Dollars and Sense: Europe starts quantitative easing, fears of a correction loom
Another volatile week. The markets were volatile again last week. After a five-year rally without a serious correction, sometimes news the markets think could throw a wet blanket on the fire causes a big drop. Then, the fire burns through the blanket anyway and the markets rise again. That cycle causes big drops and then—usually within a day or two—big gains again take us back to where we started.
Good news is bad news—again. This cycle began a week ago Friday, with a strong jobs report. The unemployment rate fell to 5.5 percent, and the number of new jobs significantly beat expectations. But the markets fell significantly because traders now think the Federal Reserve is going to raise interest rates, which could hurt the stock market. The rally we’ve been in since 2008 has been driven mostly by extremely low interest rates and an ever increasing money supply generated by the federal reserve’s quantitative easing program. Extremely low interest rates mean you can’t really make money by just putting your money in the bank. So, more of that money flowed into the stock market, searching for a rate of return. More money chasing shares drove prices up. That’s why a lot of conservative economists, in particular, would laugh when someone said inflation was near zero. Consumer price rises may have been near zero, but some economists say assets have been inflating for years.
Europe redux. The situation in Europe is adding fuel to the fire. Last week, the European Central Bank began its own quantitative easing program. A lot of analysts are expecting the same thing to happen in Europe as happened in the United States: Share prices will go up. So we now have a situation in which lots of people think U.S. shares are over-valued, interest rates are about to start rising, and European share prices are on their way up. While all of this may be true, not of it is certainly true. Europe may not respond to quantitative easing in the same way the U.S. markets did because the situation there is somewhat different. Case in point: The value of the euro, which just hit a 12-year low against the dollar, dipping to 1.08 euros per dollar.

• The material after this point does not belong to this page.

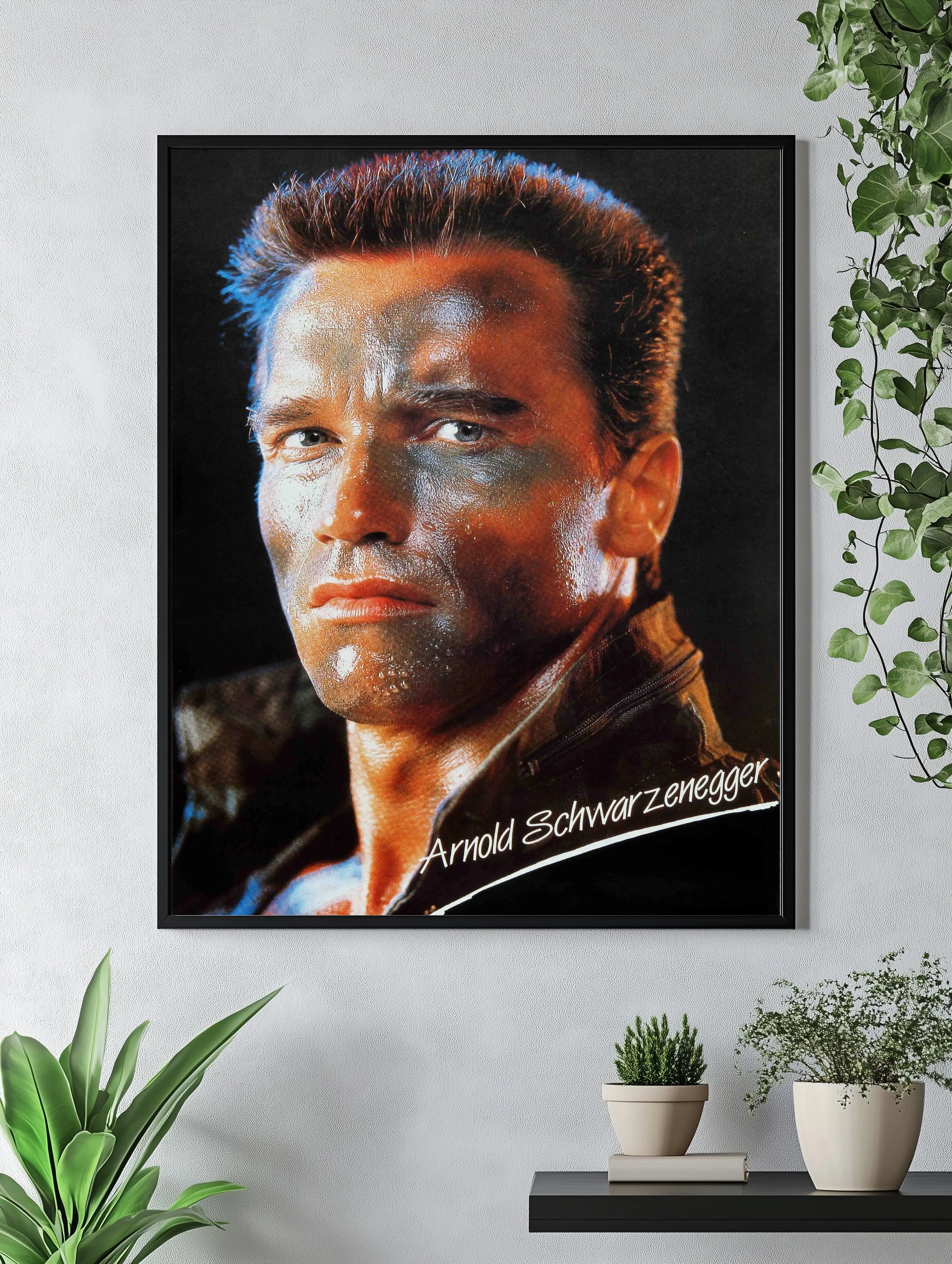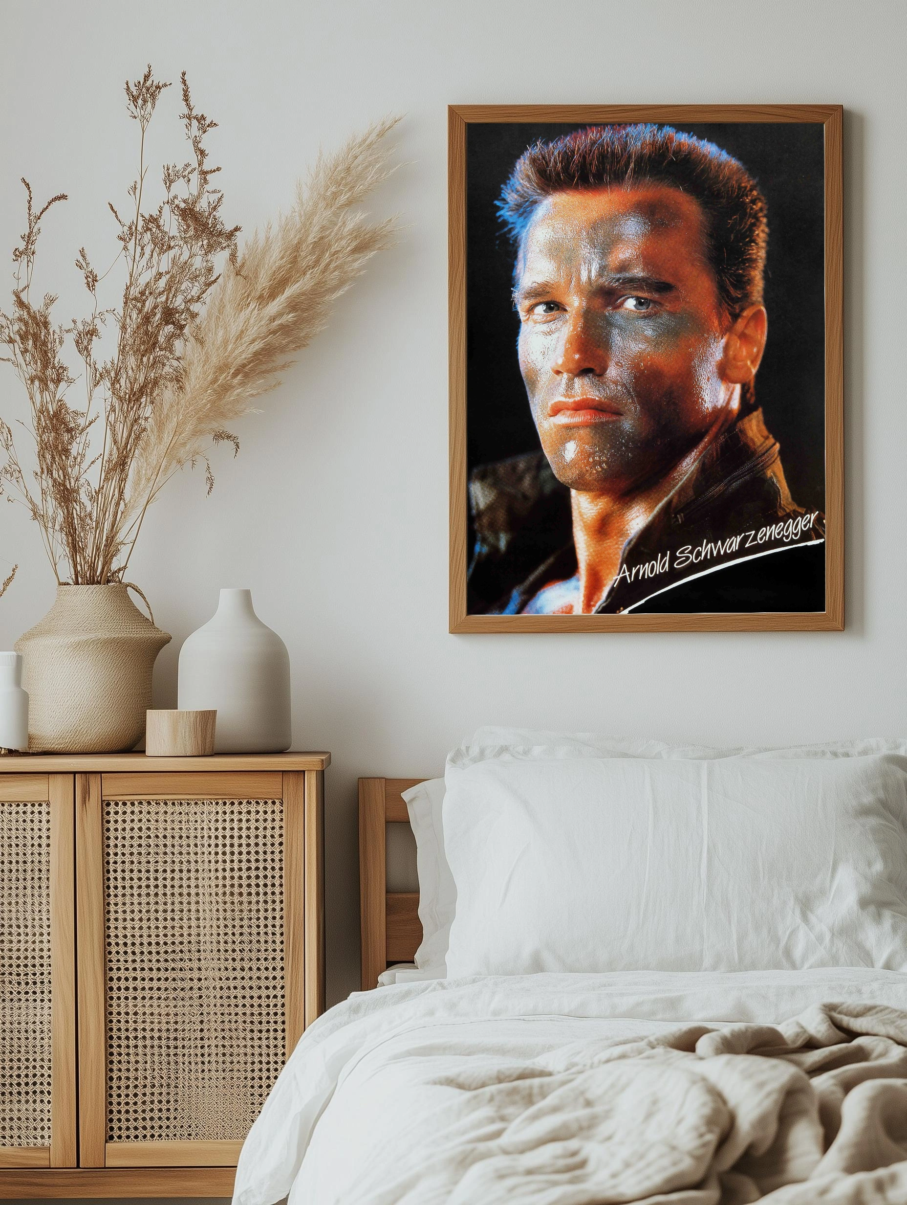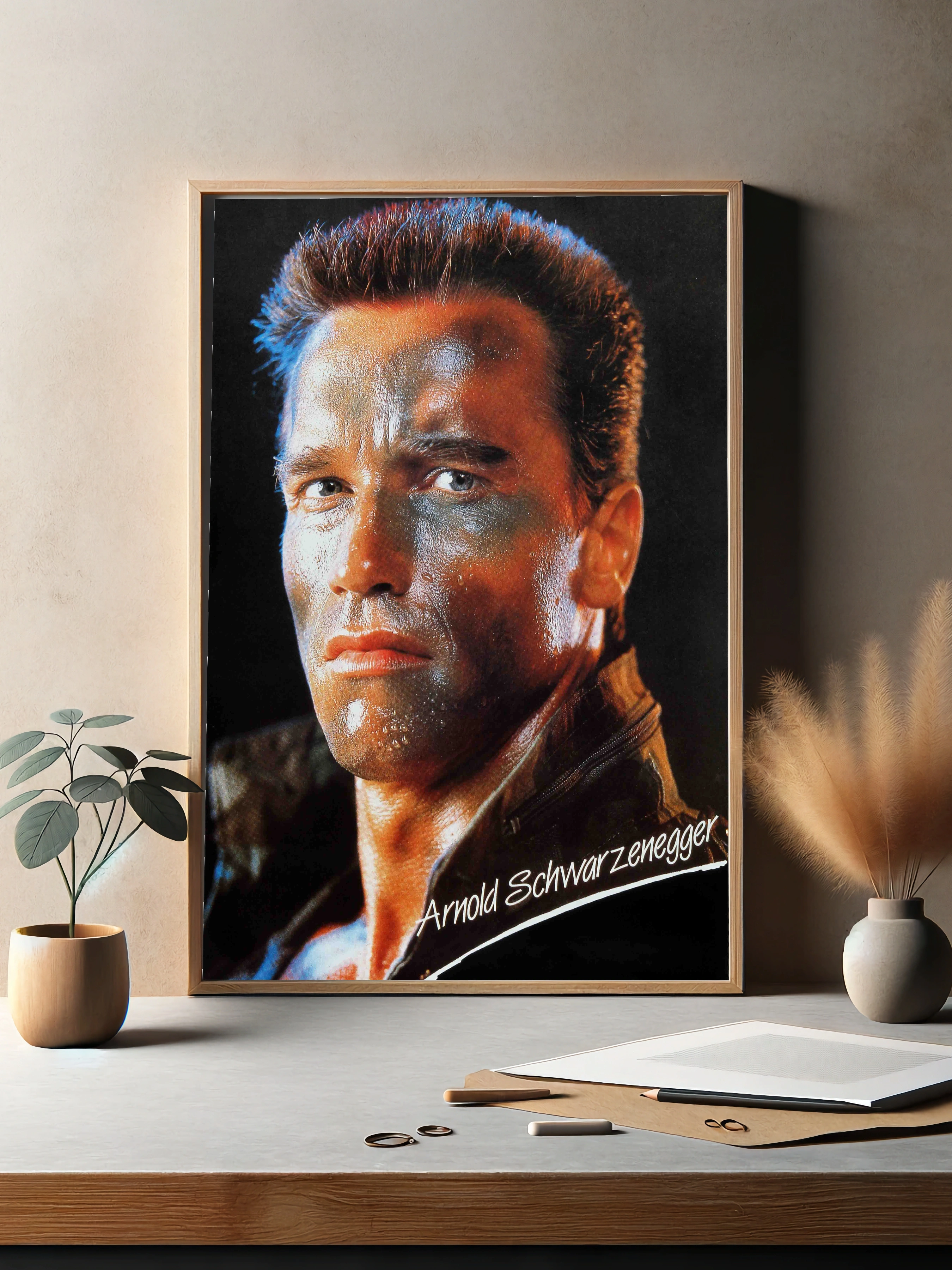 На изображении представлен портрет Арнольда Шварценеггера с сосредоточенным выражением лица, покрытого каплями пота. Фотография выполнена с высокой детализацией, подчёркивая мужественность и силу актёра. Это интерьерное искусство для стен с уникальным художественным плакатом, отлично подходящим для гостиной или офиса.

Is a correction coming? Almost everyone agrees the U.S. markets will have at least a 10 percent correction at some point. And with the Dow near 18,000, a 10 percent correction is going to look pretty dramatic. But no one can say precisely when that will happen, another reason the markets are startling at their own shadows. Still, U.S. corporate earnings were strong last quarter, and they’ve been strong for three or four quarters in a row. So maybe U.S. stocks are not overvalued. Take retailers that reported last week: Foot Locker beat both earnings and revenue expectations. Staples reported earnings that topped estimates, though revenue missed forecasts, in part because a strong U.S. dollar took a toll on sales. Discount retailer Big Lots also beat earnings and came in line with revenue projections.
The week ahead. It’s going to be a slow week for government reports. Housing starts and industrial output reports come out this week. They’re not known for moving the markets that much. I would continue to keep an eye on Europe. But if it weren’t for all the volatility of the past few weeks, I would be inclined to say we’re in something of a quiet period. We’re still a few weeks away from getting first quarter earnings reports. Of course, I could have said the same thing about last week!